Privatisierte Entwicklungshilfe

Bundesregierung baut mit »Entwicklungsschatzbriefen« auf private Anleger

  • Hermannus Pfeiffer
  • Lesedauer: 2 Min.
Der liberale Minister Dirk Niebel baut auf private Anleger. Sie sollen ihr Geld in Entwicklungshilfe investieren. Privat angekurbelt, könnte Deutschland mit diesem neuen Finanzprodukt endlich seinen internationalen Verpflichtungen nachkommen.

Der erste »Entwicklungsschatzbrief« soll 2012 auf den Markt kommen, zunächst versuchsweise. Gesucht werden dafür Gutmenschen. Der Schatzbrief soll nämlich einerseits an einen guten Zweck gebunden, anderseits aber auch renditefrei sein. Das neue Finanzprodukt, so FDP-Politiker Niebel, »richtet sich an Menschen, die nicht spenden wollen, also ihr Geld wiederhaben wollen, aber nicht auf die Rendite schielen«. Zinsen soll es daher für die Sparer keine geben. In Niebels Ministerium denkt man lediglich an einen Inflationsausgleich.

Die Privatisierung soll keine Eintagsfliege bleiben. »Mit einem solchen Entwicklungsschatzbrief für Privatanleger soll – bei entsprechender Resonanz – eine neue, eigenständige Finanzierungsquelle für die Entwicklungszusammenarbeit erschlossen werden«, heißt es in dem Eckpunktepapier der schwarz-gelben Bundesregierung zum Bundesetat 2012. Der Verzicht der Sparer auf eine Rendite würde dem Bund helfen, Zinsen einzusparen. Der »Gewinn« könnte dem Entwicklungshilferessort zugeschlagen werden, heißt es in den Eckpunkten.

Mit der Entwicklung des Schatzbriefes wurde die Finanzagentur des Bundes in Frankfurt am Main beauftragt. Die Agentur, eine privatwirtschaftliche »Gesellschaft mit beschränkter Haftung«, kurz GmbH, wickelt die Verschuldung des Bundes ab. Sie wird in diesem Jahr etwa 300 Milliarden Euro neue Verbindlichkeiten für die Bundesregierung aufnehmen und damit vor allem Altkredite und auslaufende Schatzbriefe tilgen.
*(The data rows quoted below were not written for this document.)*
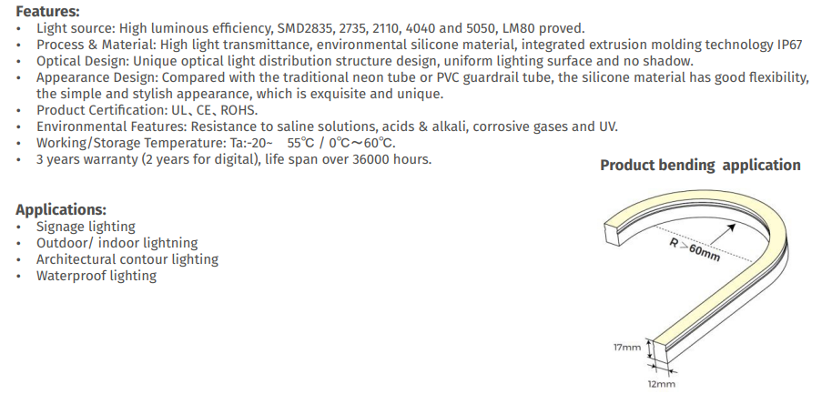 FLEX LED NEONS are easy to shape, unbreakable and waterproof. It is available in a wide range of colors. Thanks to their high uniform luminosity, perfect workmanship and easy installation, they are suitable for a very wide range of uses, especially in the field of illuminated advertising and decoration.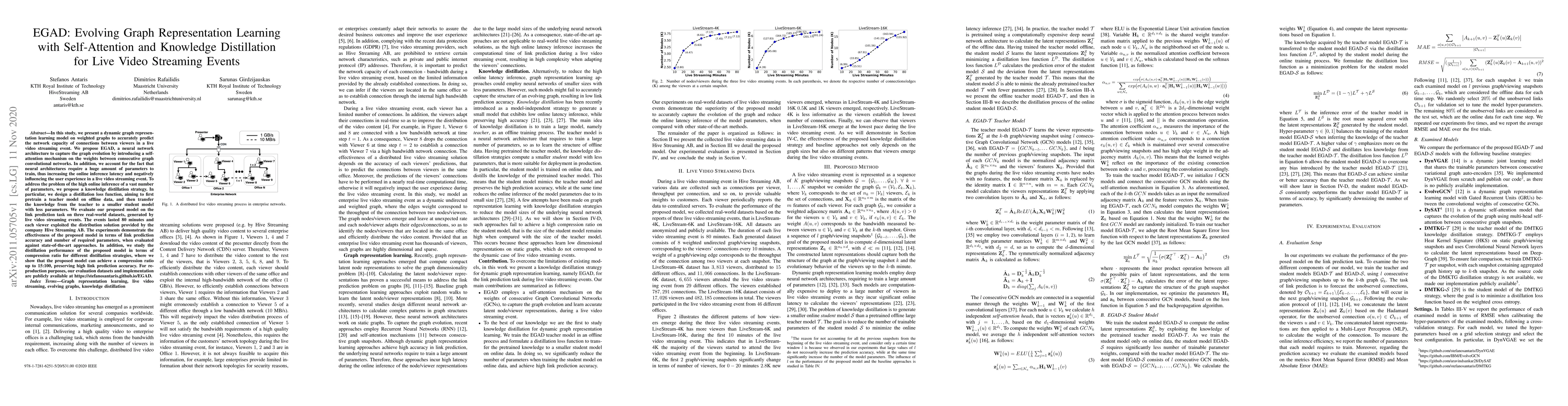 In this study, we present a dynamic graph representation learning model on weighted graphs to accurately predict the network capacity of connections between viewers in a live video streaming event. We propose EGAD, a neural network architecture to capture the graph evolution by introducing a self-attention mechanism on the weights between consecutive graph convolutional networks. In addition, we account for the fact that neural architectures require a huge amount of parameters to train, thus increasing the online inference latency and negatively influencing the user experience in a live video streaming event. To address the problem of the high online inference of a vast number of parameters, we propose a knowledge distillation strategy. In particular, we design a distillation loss function, aiming to first pretrain a teacher model on offline data, and then transfer the knowledge from the teacher to a smaller student model with less parameters. We evaluate our proposed model on the link prediction task on three real-world datasets, generated by live video streaming events. The events lasted 80 minutes and each viewer exploited the distribution solution provided by the company Hive Streaming AB. The experiments demonstrate the effectiveness of the proposed model in terms of link prediction accuracy and number of required parameters, when evaluated against state-of-the-art approaches. In addition, we study the distillation performance of the proposed model in terms of compression ratio for different distillation strategies, where we show that the proposed model can achieve a compression ratio up to 15:100, preserving high link prediction accuracy. For reproduction purposes, our evaluation datasets and implementation are publicly available at https://stefanosantaris.github.io/EGAD.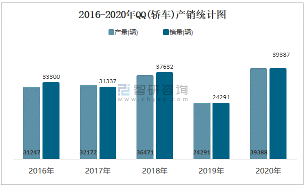 2016-2020年QQ(轎車)產(chǎn)銷統(tǒng)計(jì)圖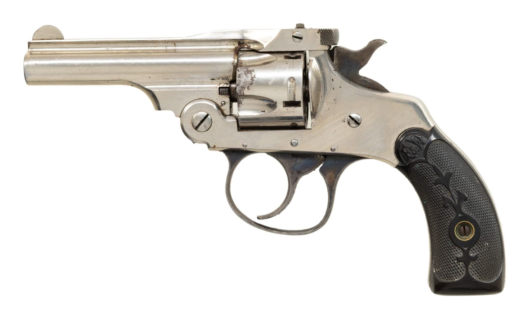 Cal. 32 S&W. S# 11017. Bbl. 3". Round blade front sight. Fixed u-notch rear sight. 5-shot cyl. Nickel finish with case colored hammer & trigger. Hard black rubber grips with F&W logo. UNATTACHED ACCESSORIES: older leather holster in fair-good condition. CONDITION: grips show some handling marks, staining & checkering wear. Trigger & hammer retain strong case colors with some oxidation & fading to gray. Balance of metal retains 80% nickel with a notable pitting patch on cyl., some oxidation more heavy on grip frame, scattered handling marks & light flaking. Cyl. has notable play when hammer is cocked & will likely require attention to fix. Bore shows scattered pitting & oxidation but visible rifling. (25-6540/MJC). CURIO. $50-100.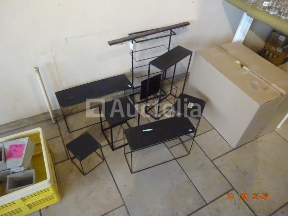 1 voorraad inclusief 1 plank en de inhoud, 1 display met ansichtkaarten, kerstartikelen, diverse mokken, decoratieve artikelen, bloempotten, cadeauverpakkingen, diverse smeedijzeren displays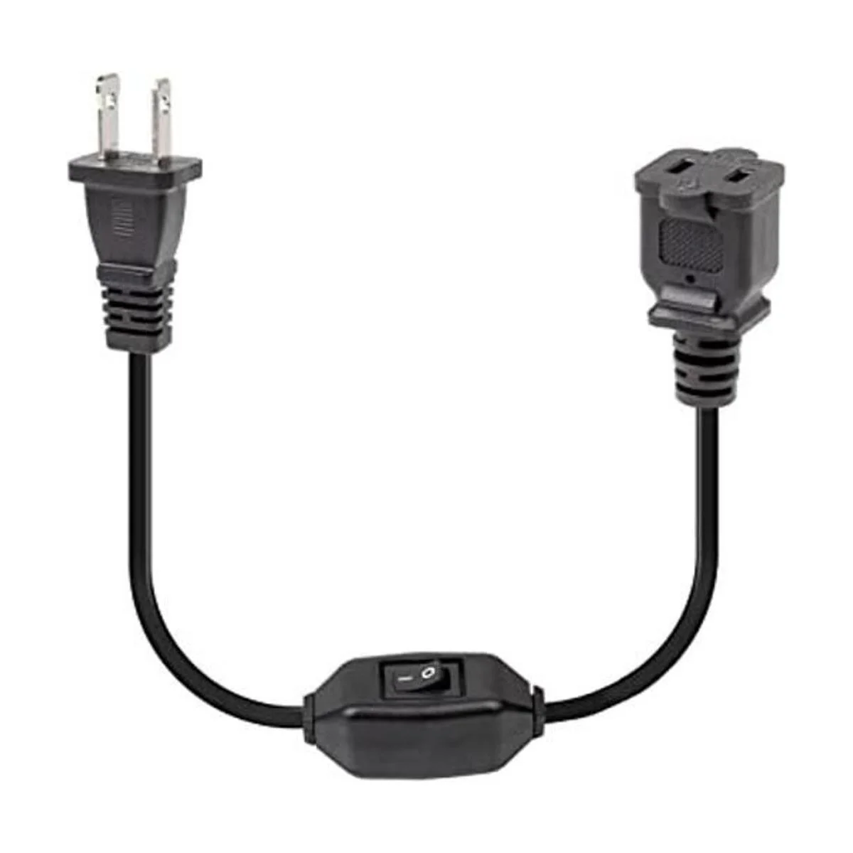 Longitud 2 pies Interruptor de encendido y apagado integrado en el centro del cable de extensión, cable de cobre AWG 16 2 clavijas Nema 115P polarizado macho a Nema 115R polarizado cable de extensión de alimentación hembra.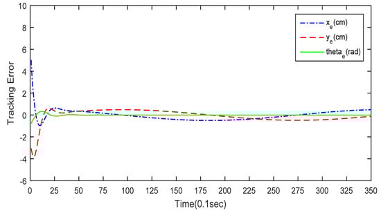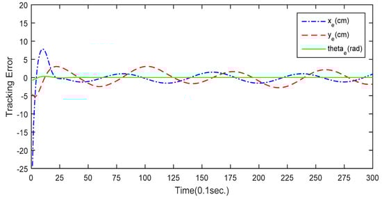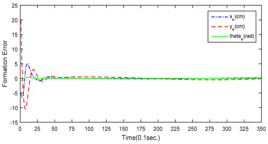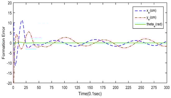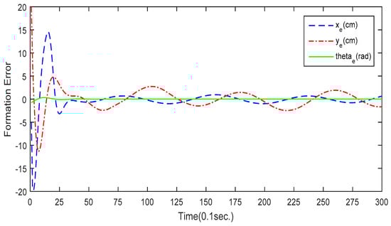 The first simulation is conducted to demonstrate the performance of the circular formation control using the proposed GA-KF-RBFNN control approach. The number of iterations for the modified GA is 150, and the probabilities of crossover and mutation are determined by the Lévy flight. The circular trajectory for the leader robot is expressed as  . Figure 9 depicts the simulation result of the circular formation control. The three omnidirectional mobile robots are initially placed at different poses in the workspace. The desired trajectory for leader robot is a circular trajectory and the two follower robots aim to maintain a triangular formation. The tracking error of the leader mobile robot is presented in Figure 10. As shown in Figure 10, the leader mobile robot successfully tracks the desired circular trajectory in 4 s. Figure 11 depicts the formation error of follower robot #1 and Figure 12 depicts the formation error of follower robot #2. These simulation results demonstrate that the proposed GA-KF-RBFNN optimization is capable of accomplishing the self-learning formation control of networked mobile robotic systems.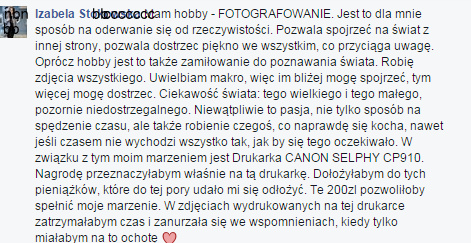 Mam hobby - FOTOGRAFOWANIE. Jest to dla mnie sposób na oderwanie się od rzeczywistości. Pozwala spojrzeć na świat z innej strony, pozwala dostrzec piękno we wszystkim, co przyciąga uwagę. Oprócz hobby jest to także zamiłowanie do poznawania świata. Robię zdjęcia wszystkiego. Uwielbiam makro, więc im bliżej mogę spojrzeć, tym więcej mogę dostrzec. Ciekawość świata: tego wielkiego i tego małego, pozornie niedostrzegalnego. Niewątpliwie to pasja, nie tylko sposób na spędzenie czasu, ale także robienie czegoś, co naprawdę się kocha, nawet jeśli czasem nie wychodzi wszystko tak, jak by się tego oczekiwało. W związku z tym moim marzeniem jest Drukarka CANON SELPHY CP910. Nagrodę przeznaczyłabym właśnie na tą drukarkę. Dołożyłabym do tych pieniążków, które do tej pory udało mi się odłożyć. Te 200zl pozwoliłoby spełnić moje marzenie. W zdjęciach wydrukowanych na tej drukarce zatrzymałabym czas i zanurzała się we wspomnieniach, kiedy tylko miałabym na to ochotę Emotikon heart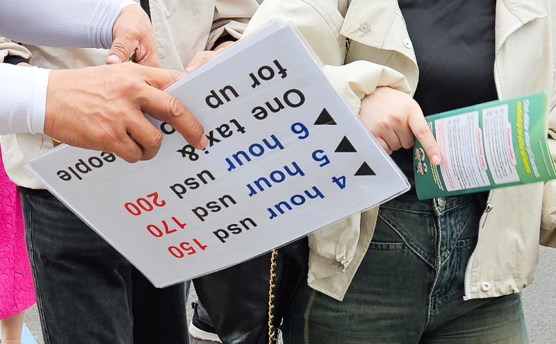 이 남성은 비싸다고 손사레를 치는 외국인 관광객에게 휴대전화 번역기로 "13만원이면 저렴한 것"이라며 호객 행위에 열을 올렸다. 그의 손에는 4시간에 150달러, 5시간에 170달러, 6시간에 200달러라고 쓴 황당한 호객용 피켓이 들려 있었다.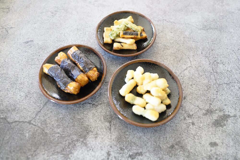 店先には、約30種類ほどのさつま揚げやおでん種がずらり。はんぺん、やつみれ、関東では珍しい牛すじなどもあって、練り物は全て自家製。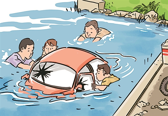 情況非常危險,陳某陷入昏迷,車輛也在緩緩沉入水中。先趕到的顧挺呼喊妻子撥打急救和報警電話后,拔腿往河邊狂奔。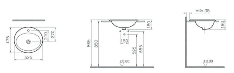 Vitra S20 раковина врезная сверху овальная 55 см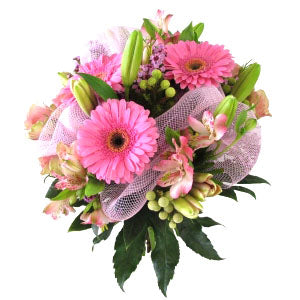Hand tied bunch including gerberas and lilies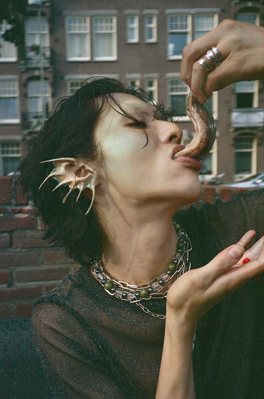 A dangerously beautiful siren, wandering the streets of Amsterdam. A KALTBLUT exclusive by Elysa Kleinprintz & Naomi Philips. The model is Hoyin. Humanlike sea creatures, immortal sirens spend many centuries discovering the depth of the ocean, never growing bored of its beauty and its diversity.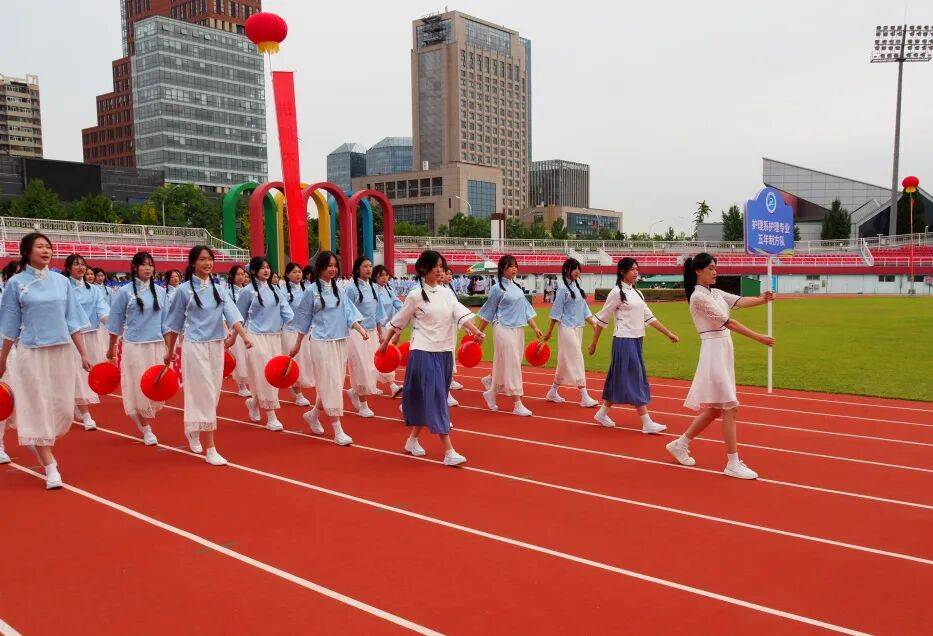 护理系方阵迈着稳健步伐登场,“上蓝下白”的民国服饰成为亮眼标志,既具复古韵味,也诠释了护理专业的温柔与严谨。

Hinter dem Versuch, neue Finanzquellen zu erschließen, stehen alte internationale Verpflichtungen, die Deutschland ebenso wie die meisten Industriestaaten bislang nicht erfüllt. Zudem haben sich die großen Staaten in der EU verpflichtet, bis 2015 für Entwicklungshilfe 0,7 Prozent ihres Bruttoinlandsproduktes (BIP) auszugeben. Kanzlerin Merkel hatte erst kürzlich dieses Ziel bekräftigt. Angesichts knapper öffentlicher Kassen und der 2009 im Grundgesetz verankerten Schuldenbremse scheint diese »ODA-Quote« jedoch in weite Ferne zu rücken. Um die 0,7 Prozent zu erreichen, müsste Niebels Etat um zehn Milliarden Euro aufgestockt werden. »Deswegen«, erklärte der Minister in einem Interview, »bemühe ich mich um innovative Finanzierungsinst-rumente«.

Noch eine weitere Quelle außerhalb des ordentlichen Bundesetats will Niebel anzapfen, das seit Januar eingerichtete Sondervermögen »Energie- und Klimafonds«. Die Betreiber von Atomkraftwerken sollen zukünftig in den Fonds einen Teil ihrer Extraprofite einzahlen, die aus der Laufzeitverlängerung von AKW entstehen. Zudem sollen ab 2013 Erlöse aus der Versteigerung von Emissionszertifikaten in den Fonds fließen, mit denen sich die Industrie Ausstoßmengen von Treibhausgasen kauft.

Niebels Idee, einen Teil der eigentlich staatlichen Entwicklungshilfe privat zu finanzieren, dürfte das Bild der Bundesrepublik im Ausland schönen. Bislang erhalten neben Ägypten und Afghanistan, die

aufstrebenden Länder Brasilien, China und Indien die meisten Mittel aus dem Entwicklungshilfetopf ausgeschüttet. Auch das will Niebel ändern.